While there is an ever-growing body of evidence on the importance of staff wellbeing, and just as much on student wellbeing, there is little research linking the former with the latter.
However, a ground-breaking report commissioned under Independent Schools Queensland’s (ISQs) Our Schools – Our Future initiative, has sought to change that.
The new study, by behavioural scientist Professor Donna Cross and co-author Sarah Falconer of the Telethon Kids Institute, presents an evidence-based perspective on what promotes or erodes school staff wellbeing, which is one of the first in Australia to make the links to student wellbeing.
The ‘School Leaders’ and Staff Wellbeing is Critical for Student Success’ research report found that school leader and staff wellbeing is critical to help students reach their full potential – a win-win situation that could have positive implications on a whole-of-school level.

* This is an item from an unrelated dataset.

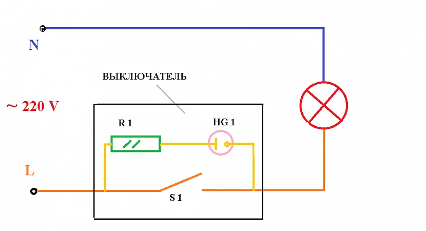 Зависит от выбранного источника освещения: для подключения светодиодной лампы или неонового светильника требуется выбрать схему подсоединения, которая характеризуется повышенным сопротивлением. Такую специфику линии создает ограничительный резистор.
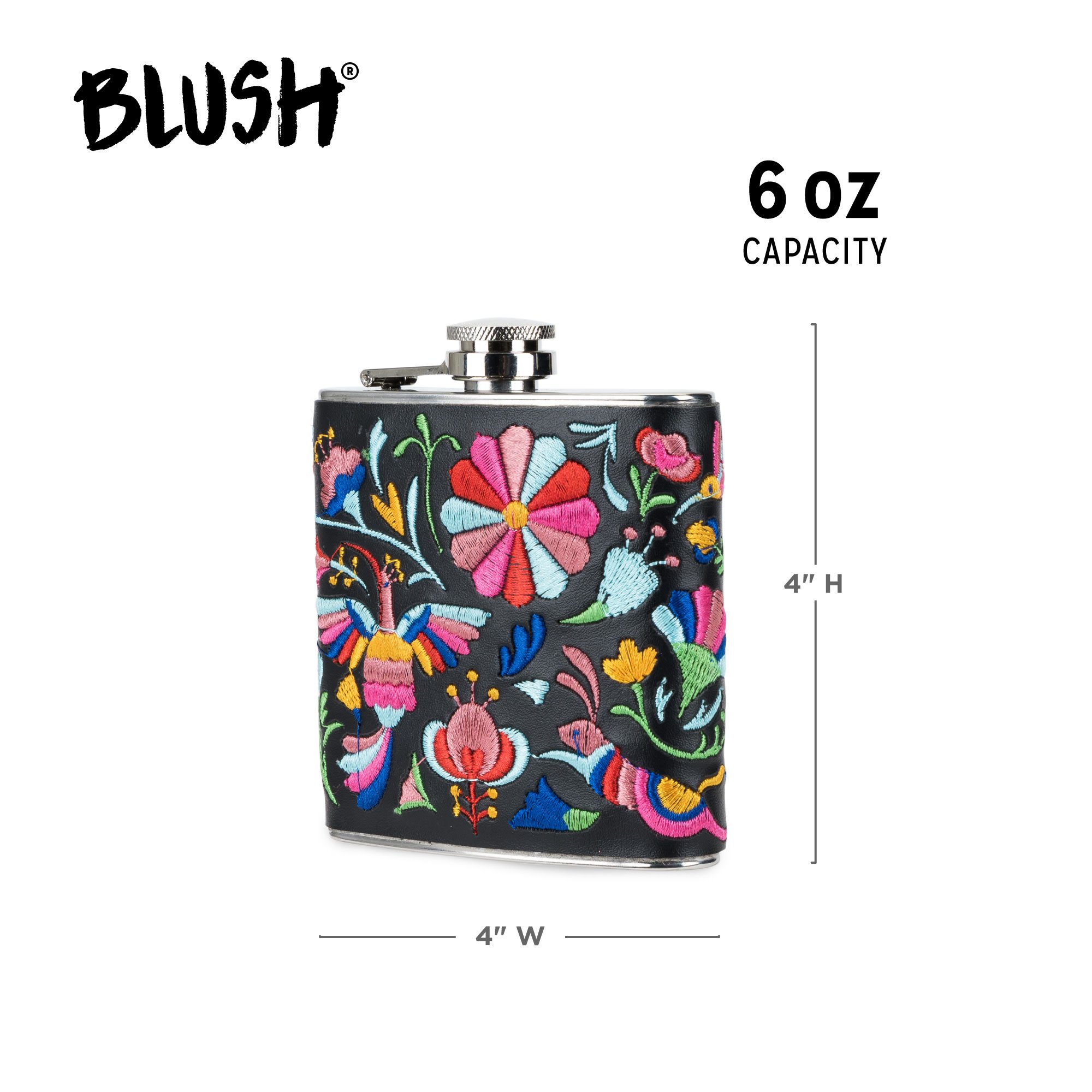 Introducing the Black Floral Embroidered Flask by Blush - the perfect addition to your wine accessories collection, crafted for women who appreciate style and functionality. The flask for women is a gorgeous blend of modern craftsmanship and traditional Mexican folk art design. This cute flask for women is not just about looks, it's also about convenience and practicality. The hip flask for liquor is compact and slim, making it easy to carry in your pocket or purse. It's a pocket flask that is perfect for on-the-go use. Whether you are heading to a party or a picnic, this flask ensures that your favorite beverage is always close at hand. Holding up to 6 oz of liquid, this flask for liquor is perfect for savoring your favorite whiskey or other beverages. Crafted from stainless steel, this leather flask is designed to stand the test of time. The black floral embroidery adds a touch of femininity and style, making it a whiskey flask that stands out. As a brand, Blush is known for its quality and attention to detail. This flask is no exception. It's a liquor flask that combines style, durability, and functionality.

Yet, as Professor Cross points out, rarely in recent history has school leader and staff mental health and wellbeing been so tested as during the COVID-19 pandemic.

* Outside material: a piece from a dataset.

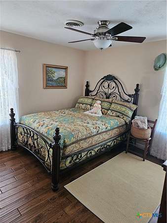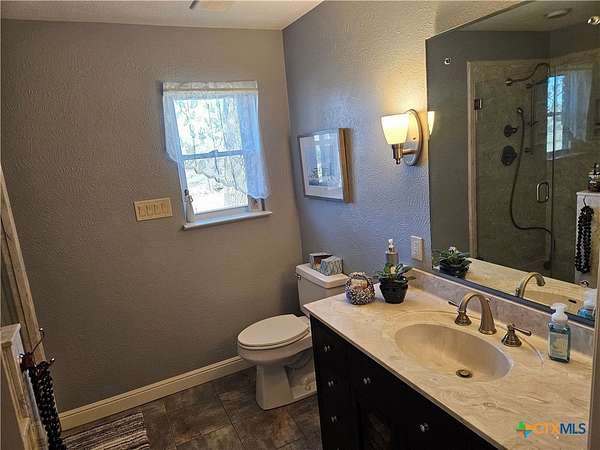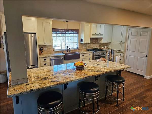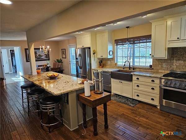 Totally updated 1800sf home sits down a 1500 ft tree-lined drive in the middle of 25 well-maintained acres of Coastal Bermuda and scattered trees. This home has a kitchen that will be the central focus of any gathering, a large center island with a granite countertop, and storage space galore. There are hardwood floors throughout the home with an old-style, hand-hewn look and feel. The wood stove sits between the main Living area and the kitchen, and it warms the entire living area. The primary bedroom has bay windows and a large walk-in closet, and the bath has a pebble-tiled floor and a walk-in shower. The guest bath boasts a standalone shower and a Japanese soaking tub. Through the French doors of the kitchen, you exit onto a large wooden deck suitable for any party or BBQ you may want to host. This is all looking out across the fenced pasture, and a regular grazing spot for the deer. The 60x30 barn/shop has 2 overhead doors and 1 walk-through door with a 40x30 concrete floor. The current owner uses the front 8 acres as a hay field. Water is supplied by a Southwest Milam Water Co. tap and a 280' domestic well that is primarily used for livstock and irrigating the well maintained lawn and flower . The location in the Texas triangle of DFW, Houston, and San Antonio is ideal. Only 1 hoiurto Austin or Waco, 45 minutes to Temple or Bryan/College Station

“The pandemic has further exposed the high rates of school leader and staff stress and exhaustion from the intensification of their front-line work supporting the health, development and learning of their students,” she said.
“Given teacher wellbeing, student wellbeing, relationships within the school, and educational outcomes are closely intertwined, it isn’t surprising that for all students to be well, their teachers must be well too. The pandemic has exacerbated the issues.”

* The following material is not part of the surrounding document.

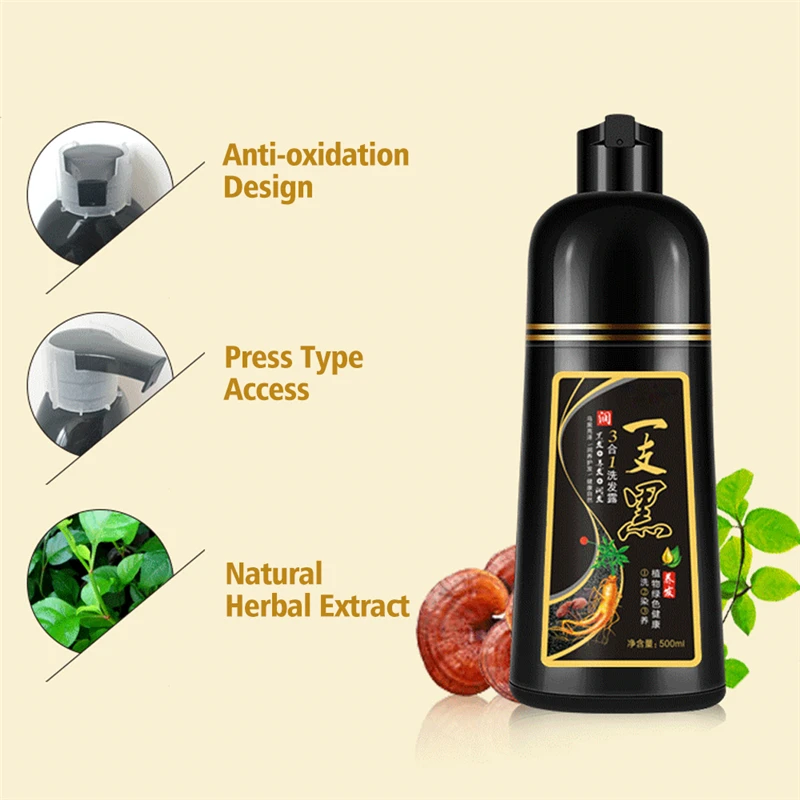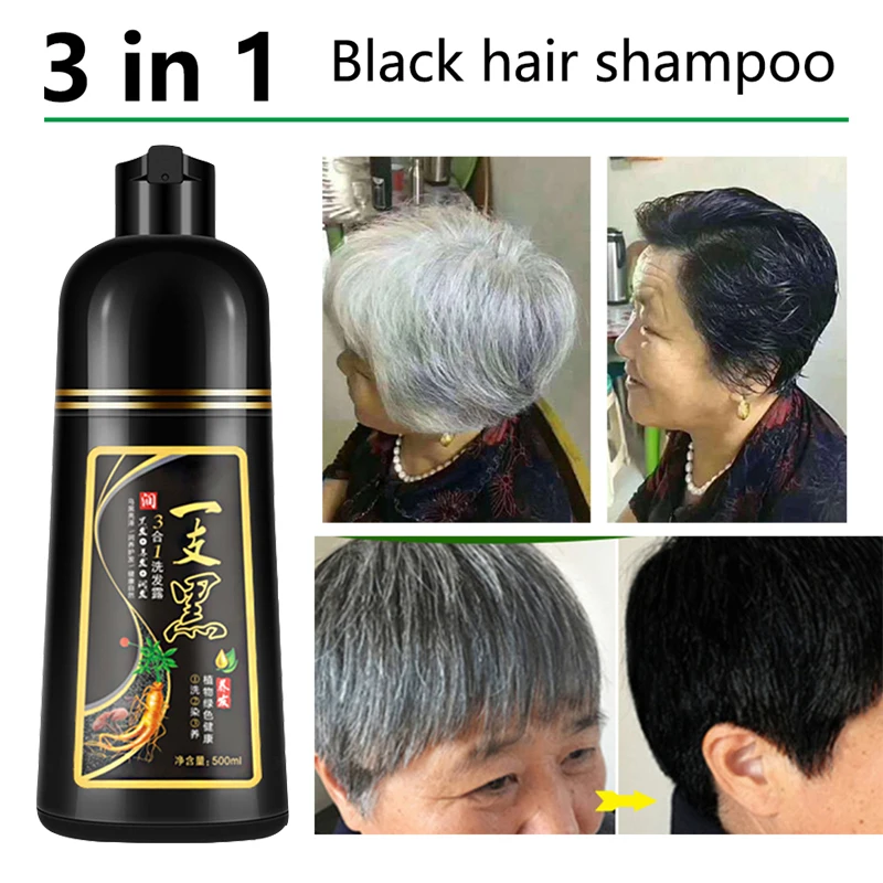 Перманентный шампунь для черных волос, Органический натуральный Быстрый краситель для волос, растительная эссенция, краска для черных волос, шампунь для покрытия, белый, серый, 500 мл

Professor Cross says governments, school systems and the community must act now to reduce the potential impact of ‘long-COVID’ on school leaders, staff, and students’ wellbeing.
Independent Schools Queensland (ISQ) Chief Executive Officer, Chris Mountford, said the report offers some practical evidence-based actions and makes five wellbeing recommendations:
- Prioritising the school community’s wellbeing and ensuring improvements are contextual, sustain evidence-based practice, focus on relationships, and underpin the whole-school culture.
- Enabling and sustaining supportive leadership practices that build teacher wellbeing.
- Providing effective induction and mentoring, and meaningful professional learning that is sustained and authentic.
- Tracking wellbeing priorities and progress to benchmark, monitor and effectively meet the wellbeing strengths and needs of the school community.
- Advocating for government policy reform addressing staff workload, resourcing, and safety. Specifically, at a broader system level, the following actions are needed to positively impact school leader and staff wellbeing:
- Identify and address drivers of workload intensification.
- Facilitate equitable access to trained mental health professionals in all Australian schools to respond to the increasing complexity of student behaviour and mental health and wellbeing difficulties.
- Use policy reform to protect school leaders and staff from the impact of aggressive and other offensive behaviour directed at them.
Professor Cross said the wellbeing of members of the school community is “so inextricably linked” that it can form “a virtuous or vicious cycle”, whereby the wellbeing of each member in the school community affects the wellbeing of others resulting in a continuous process of wellbeing decline or improvement.
“Government, sector and school-level actions must prioritise and monitor school leader and staff wellbeing, providing necessary school resources and sufficient staff capacity to support the complex needs of the school community; establishing a school culture that values and normalises respectful and positive relationships; and thereby reducing the harm from work overload and intensity on school leaders and staff.”